So I didn't notice this thread earlier this year, but I figured I'd just chime in to voice my progress.
I'm down to 185 from 203lbs. over the past 5-6 weeks. Would love to get to 165, but I'll settle for 170 if the extra weight is a muscle issue rather than a fat issue.
Finally just decided "fuck it." I've always been a bit on the heavy side (I'm 5'6"), and it's always been an annoyance. Now, I'm built a bit wider than average, so I don't ever see myself weighing less than say, 150, without looking just sickly. Which is fine. As long as I feel good (and I'm no longer in the military, so FUCK their stupid waist-measurement/BMI bullshit). I've got a backpacking trip in Banff at the end of the month so I figured I should buckle down. Hoping to get below 180 before that.
I changed as much as I could without making it really obnoxious with my wife (she's tiny, and is trying to lose a few pounds as well, but her metabolism actually
likes her):
- Tried to cut out as many processed carbs as possible (been pretty good about this. Most I'd do is start my day with a bowl of cereal with almond milk)
- Upped protein and veggie intake everywhere else.
- Had a few days here and there where my caloric intake was purposefully restricted. Like 800-1200 cals. Not that often, but if I was in a slump.
- Increased cardio. I suck at waking up in the morning to workout, but I forced myself to do it on days where I couldn't immediately get home from work and workout. Usually about 45 mins a day or more.
- Had a rest day each week for cardio. Don't want to hurt myself.
- Had a cheat day once a week. Nothing too extravagant, but if we want to go out for dinner I don't mind sharing a plate of fries.
- No booze. Been booze-free for two months. Told myself I'm not allowed to have any until I make my goal. I may have a slight drinking problem (just finished an outpatient program for that...it was really easy though, not really sure how serious my problem is), so I'll have to be wary of that going forward.
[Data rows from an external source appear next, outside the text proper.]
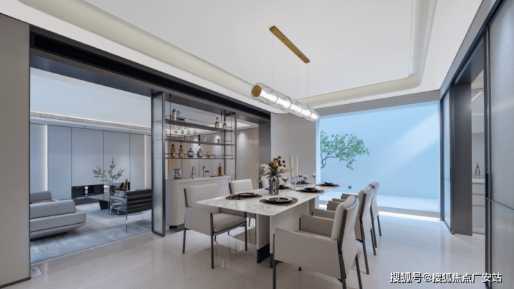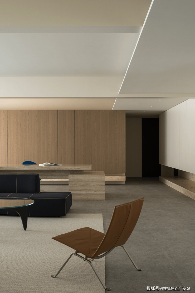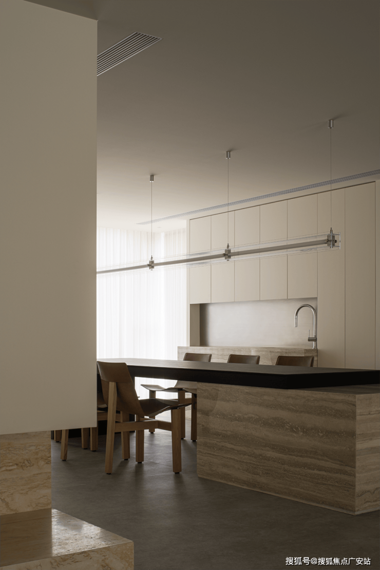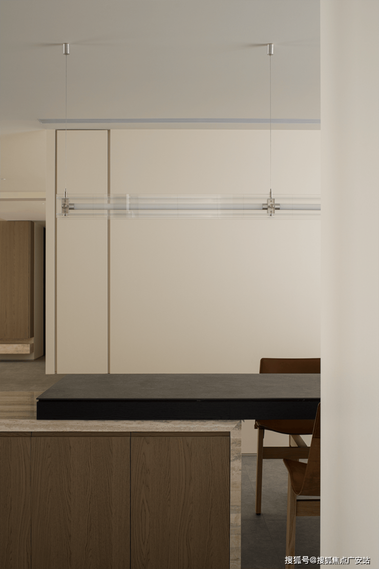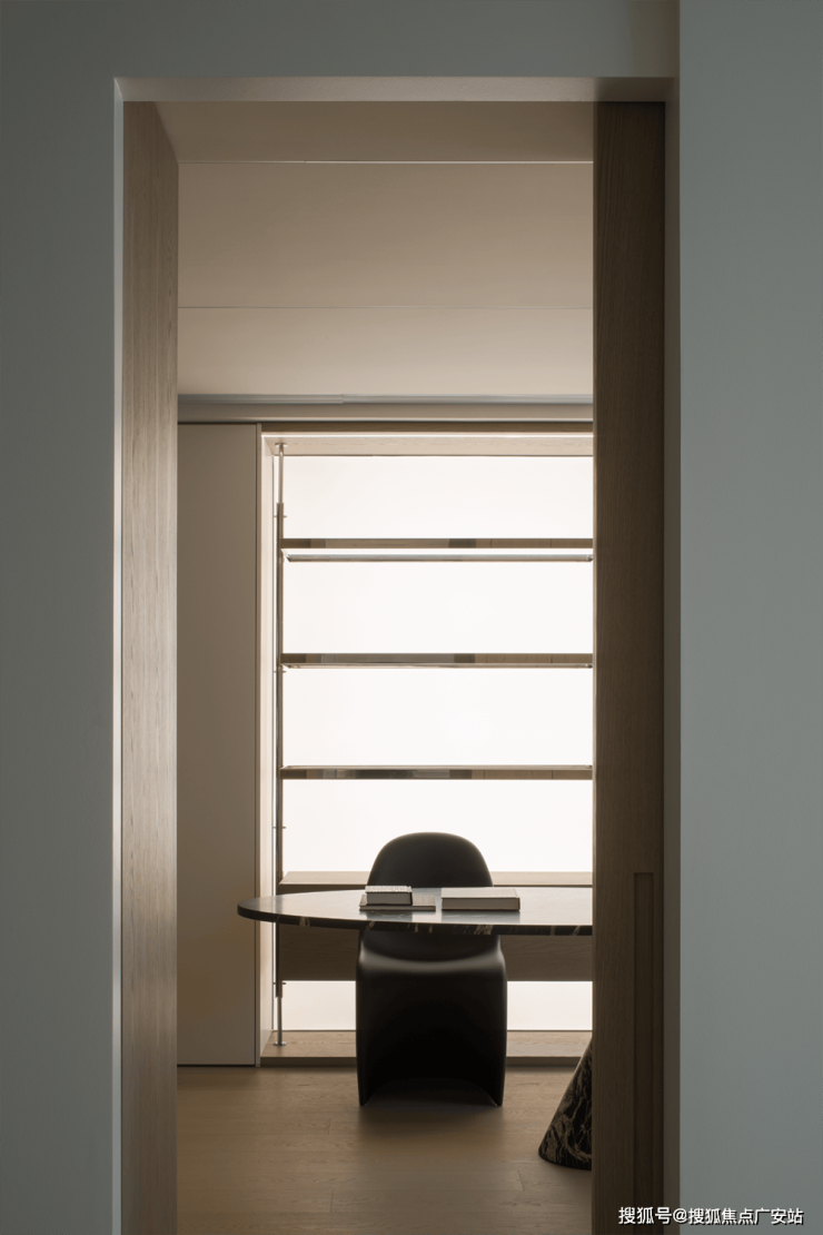光的造型随着日落日出,为居家带来诗意。光线进入室内,视觉感受被横向拉长,更加自由与宁静。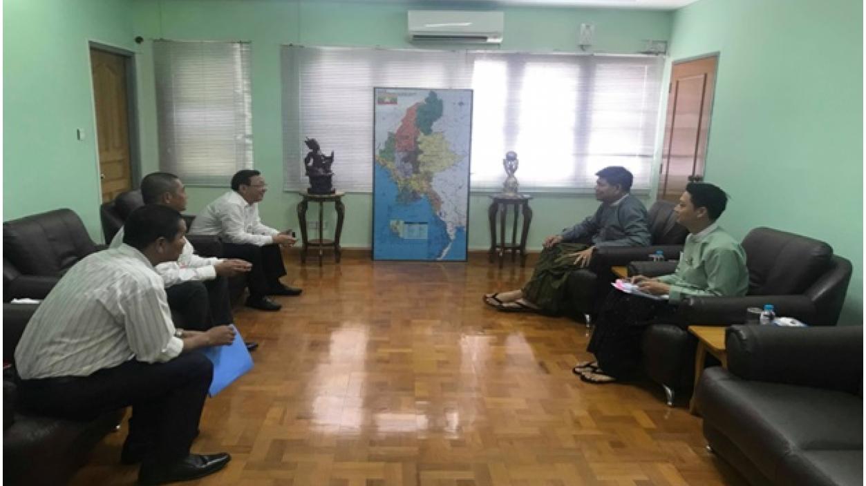 ရင်းနှီးမြှုပ်နှံမှုနှင့် ကုမ္ပဏီများ ညွှန်ကြားမှုဦးစီးဌာနမှ ခေတ္တညွှန်ကြားရေးမှူးချုပ် ဦးသန့်စင်လွင်သည် Royal King Land Manufacturing & Distribution Company Limited မှ ဥက္ကဋ္ဌ ဖြစ်သူ ဦးကြည်စိုးနှင့်အဖွဲ့အား ၂၀၁၉ ခုနှစ် ဇူလိုင်လ ၃ ရက်နေ့တွင် ရန်ကုန်မြို့၌ လက်ခံ တွေ့ဆုံခဲ့ပြီး ရင်းနှီးမြှုပ်နှံမှု လုပ်ထုံးလုပ်နည်းဆိုင်ရာ ကိစ္စရပ်များနှင့်စပ်လျဉ်း၍ ဆွေးနွေးခဲ့ပါ သည်။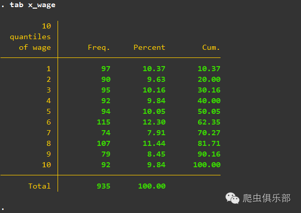 大家在阅读文献的时候,经常会看到作者对变量进行分级处理,如decile(十分级)处理。其基本原理很简单,就是先将变量从小到大排列,然后选取所定的分位数为节点,将整体数据分组,从小到大依次取值。以三分级为例,先将数据从小到大排列,然后分别找到33%分位和67%分位数,然后将小于33%分位数的全部取值为1,33%至67%的取值为2,大于67%的取值为3。我们要进行变量分级处理的时候,可以使用官方xtile命令,以十分级为例(数据为伍德里奇《计量经济学导论》wage2):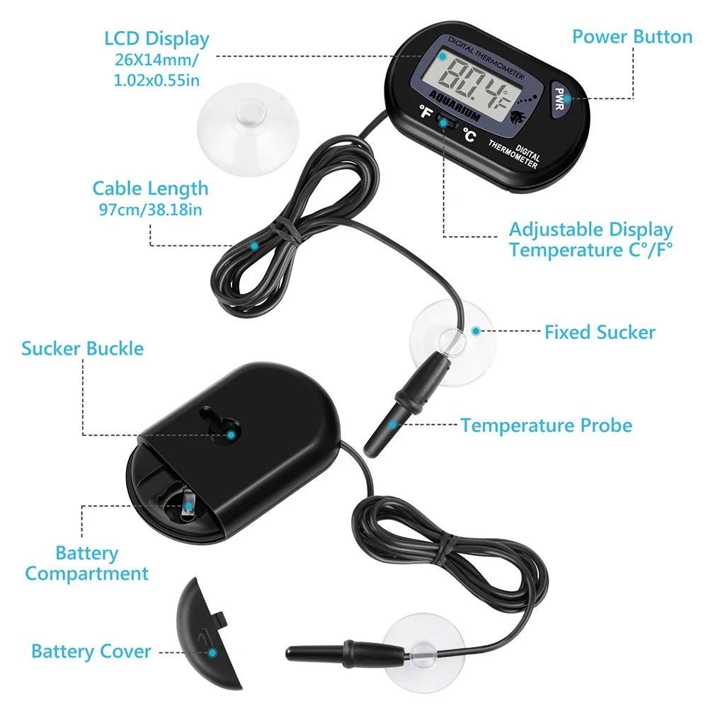 Digital Thermometer Aquarium Fish Tank Swimming Pool Bath Temperature Sensor Meter Temperature Monitor Detector with Suction Cup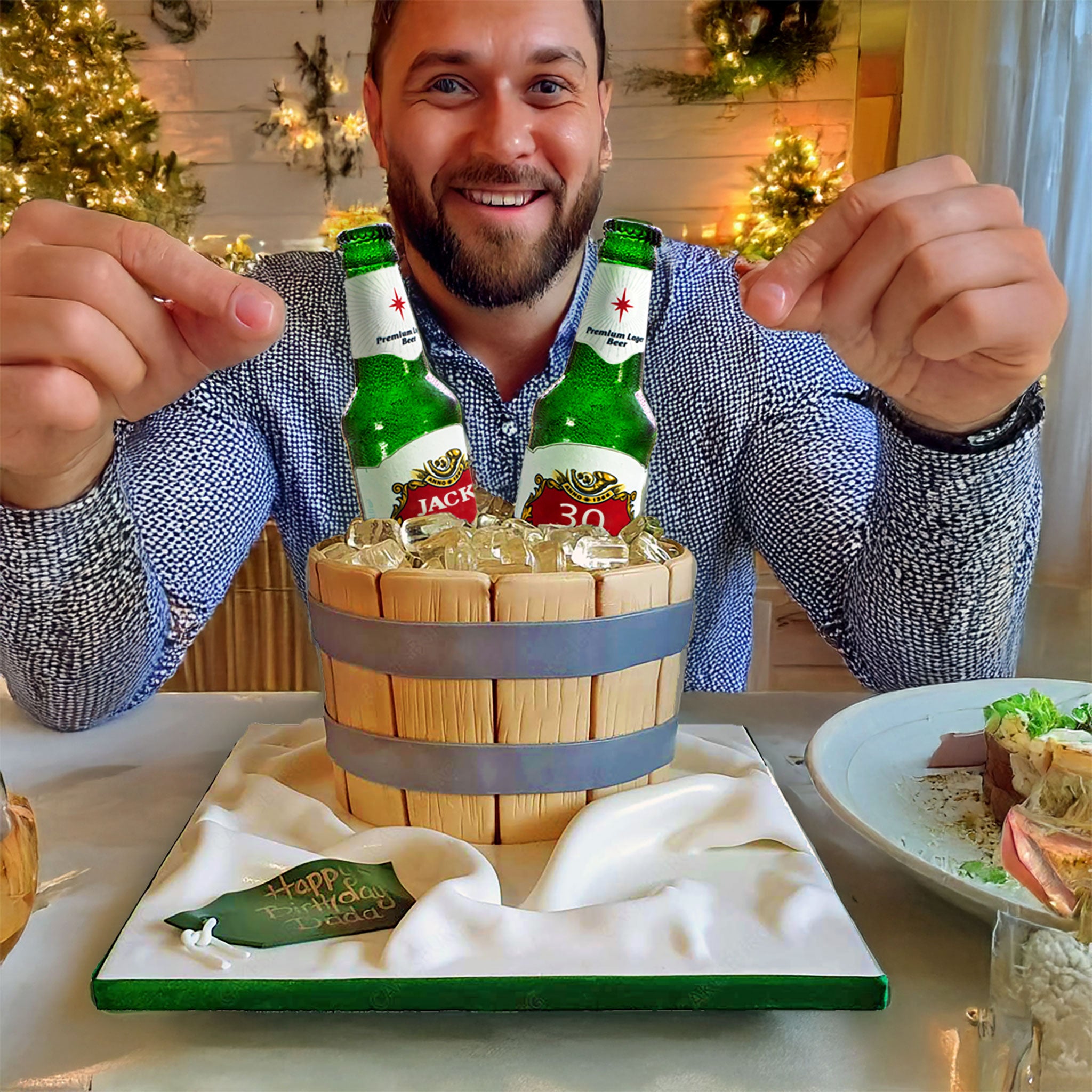 ⚠️ Please note: The cake shown in photos is for illustration purposes only and is not included. This product is the edible sugar bottle topper (and optional décor set).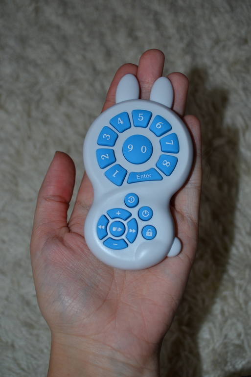 Пульт управления сделан в форме зайки) Очень милый и приятный и ощупь. Вид зайки сзади. Хвостик крутится регулируя звук и вкл. и выкл. зайку .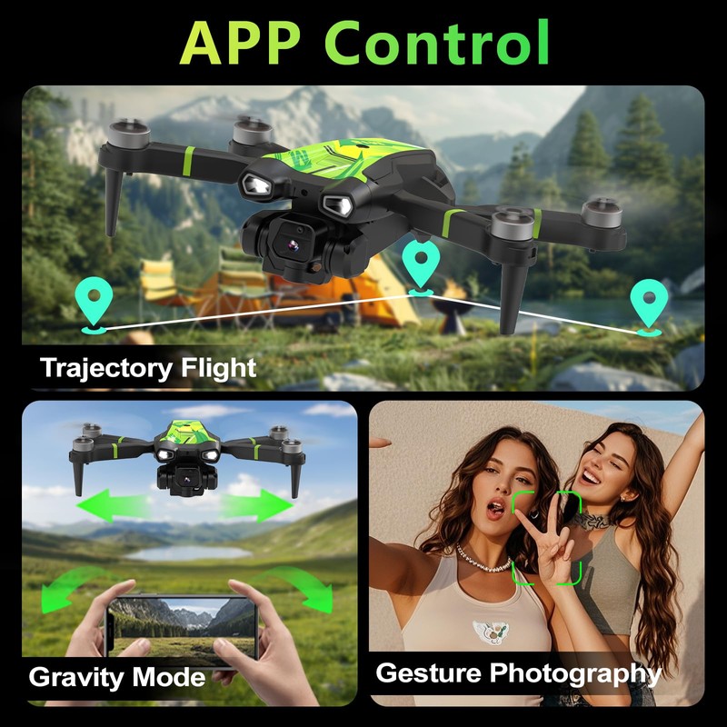 - Unleash Your Creativity with Smart Features:Perform breathtaking 3D flips with a single button press while optical flow tech keeps your drone stable. The user-friendly app lets you draw flight paths, control movements by tilting your phone, and instantly edit footage into music videos. One-touch commands handle takeoff, landing and hovering - perfect for capturing birthday parties or vacations without complex operations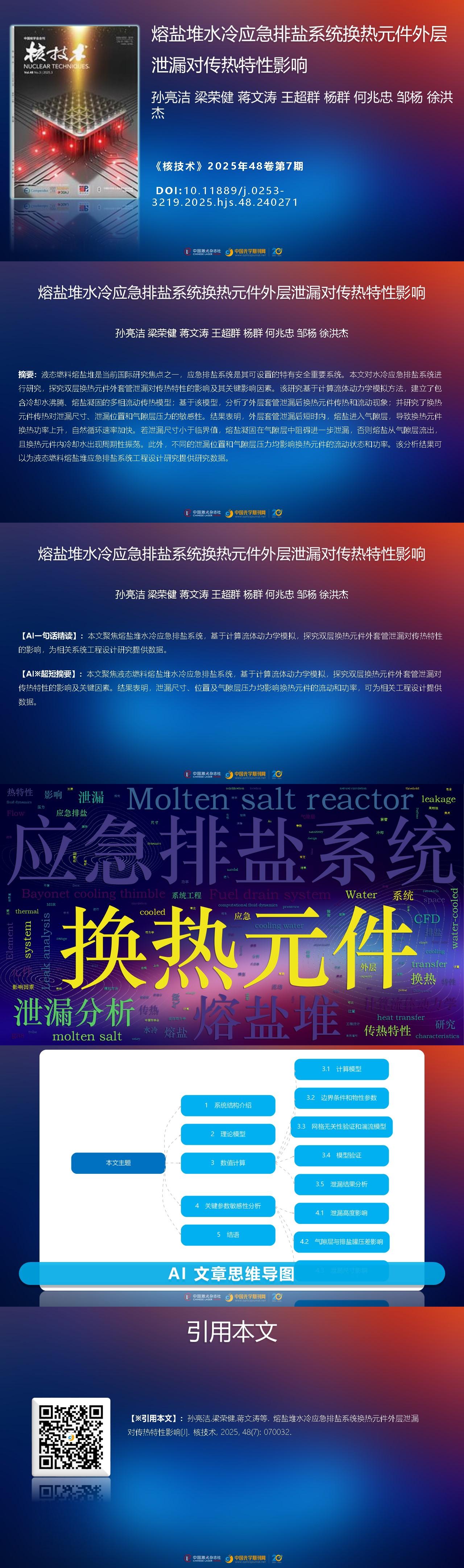 Liangjie SUN, Rongjian LIANG, Wentao JIANG, Chaoqun WANG, Qun YANG, Zhaozhong HE, Yang ZOU, Hongjie XU. Effects of heat exchange element thimble leakage on the thermal transfer characteristics of emergency water-cooled fuel salt drain system of molten salt reactor[J]. NUCLEAR TECHNIQUES, 2025, 48(7): 070032

- Tried to substitute most of my daily drinks with water. I still have a slight addiction to diet soda, but I've at least cut down on it.
- I instituted a "workout challenge" at work. Well, sorta. My initial plan was to get down and do some pushups or something every 30 minutes, but then my co-workers joined in. So now we do Mon/Thu -> Pushups, Tues/Fri -> Squats, Wed -> Crunches/Obliques. It only takes like 30 seconds each time, and you just add up your total throughout the day. Current totals are something like 500 pushups, 600 squats, and 350 crunches. I have a spreadsheet at work.
Anyway, just thought I'd chime in. I have a 203 lbs pic somewhere, but not on me. I'll try to remember to post a before/after at some point with my progress.
Good luck!
EDIT: Side note: Quest bars are delicious and surprisingly filling!
EDIT 2: Oh, right. I also got a new Fitbit (lost my old one on the subway) and that has helped me too. Just having the reminder is nice. I sync it with MFP, though I'm not always great at putting in the calories. But it's definitely recommended.
EDIT 3: I've been lifting at home too, so that helps too!